“慌什麽!”
蕭翊發現自己帶來的侍衛也有些哆嗦,嘴角扯出抹饒有深意的笑容:“不做虧心事,不怕鬼敲門,更別說這青天白日朗朗乾坤了。”
混亂的氛圍很快被喝止住了。
亂起來的大部分都是安平伯的丫鬟和家丁,尤以王婆子為最,嚇得都尿了。
“柳慧?”安平伯身體僵硬的看著被安諾萱抱起來的人,眼中還帶著一抹掩飾不住的恐懼。
“還愣著做什麽!去打盆水來!要涼的!”安諾萱對著之前壓著她的侍衛說道;
那侍衛看了安平伯一眼,得到他的示意之後,方才離開!
“怎麽可能!”安瑩嵐嚇得坐到了地上,一臉不可置信的模樣。
安諾萱把柳氏扶在地上坐好,黑曜石般的眸中泛著寒光:“是啊,怎麽可能,明明只差一步你們就成功了,說起來,我還要感謝你呢!”
上輩子安諾萱早就發覺到母親的死亡疑點重重,她娘雖然性格柔弱,身體卻一向很好,怎麽會突發心疾而亡呢?
可查了多年,卻一直尋找不到真相。
要不是臨死前安瑩嵐那一番話,讓她醍醐灌頂,聯系前因後果想到一切,醒過來之後抱著寧可信其有不可信其無的態度,又怎麽能真的從鬼門關救回母親呢?
“到底怎麽回事!”安平伯銳利的眼眸看向了安諾萱。
他是真的怒了。
泥人尚且有三分脾氣,別看安平伯往日裡耳根軟,性格懦弱,欺軟怕硬,但事關生死,也絕對容不得半點含糊!
不說和柳氏也有幾分感情,就說枕邊人在家中被害,就足以令他警醒憤怒。
這次是柳氏,那下次是不是就會是他了?
如果不是萱兒這麽一鬧,柳氏真的會被憋死在棺材中!
想到這麽憋屈絕望的死亡,安平伯再也鎮定不下來!
“怎麽回事?爹你不應當問我,而是應該問問你那寵愛的姨娘和寶貝女兒!”
安諾萱並未把憤怒的安平伯放在眼裡,侍衛端了水來,她用帕子為母親敷了下臉,而後擦了擦手。
睫毛顫動了下,那沒有焦距的眼神,逐漸的恢復過來。
“娘,你怎麽樣?”安諾萱關切的看著柳氏。
“萱,萱兒。”柳氏攥住了安諾萱的手,淚水順著臉頰滑落下來。
“我在這裡,娘,沒事了,已經安全了,別怕。”安諾萱抱著柳氏,感受著她顫抖的身體,不住安慰著;
安平伯陰鷙的眼眸掃了眼陳婉柔和安瑩嵐,最後落在了宋須名身上:“宋大夫,你說!”
宋須名慌亂的搖著頭:“不可能!老夫親自診斷死亡,怎會死而複生?伯爺!當時你也探了鼻息的!”
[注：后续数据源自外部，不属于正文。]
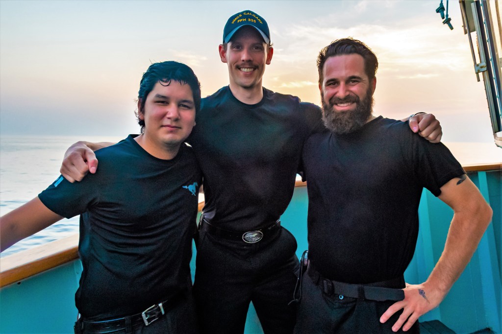 The small boat team was promptly dispatched, and two boatswains spent 15 minutes delicately cutting the tangled mess of lines that had wrapped around the turtle’s body. Once freed, it swam off to join other sea turtles that were circling the floating debris along with a large school of yellow tuna.
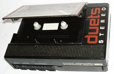 Кассетный магнитофон-проигрыватель ''Дуэт ПМ-8401'' предназначен для индивидуального прослушивания стереофонических фонограмм записанных на кассетах МК-60 на головные телефоны. В комплект входят: кассетный проигрыватель, стереотелефоны, контейнер для батарей типа А-343 или А-373. Управление: клавиши воспроизведения, перемотки в обе стороны, переключатель типа ленты; при окончании или обрыве ленты отключение питания автоматическое. Диапазон воспроизводимых частот 40...14000 Гц (Fe2O3); коэффициент искажений 1%; питание от батарей АА или А-343, А-373 через контейнер; габариты аппарата 140х95х35 мм. Вес 500 гр. Наименование модели ''Дуэт'' подразумевает прослушивание фонограмм на две пары телефонов.

安平伯陰沉著臉,就是因為他探過鼻息所以才這般怒火大起。
明明還活著,卻能騙過所有人,這種死法.
“伯爺,您可一定要為妾身做主啊!”
柳慧掙扎著從安諾萱懷中出來,爬到了安平伯身前,淚流滿面的跪了下來;“妾身,差點就要被活活憋死,再也見不到您了啊!”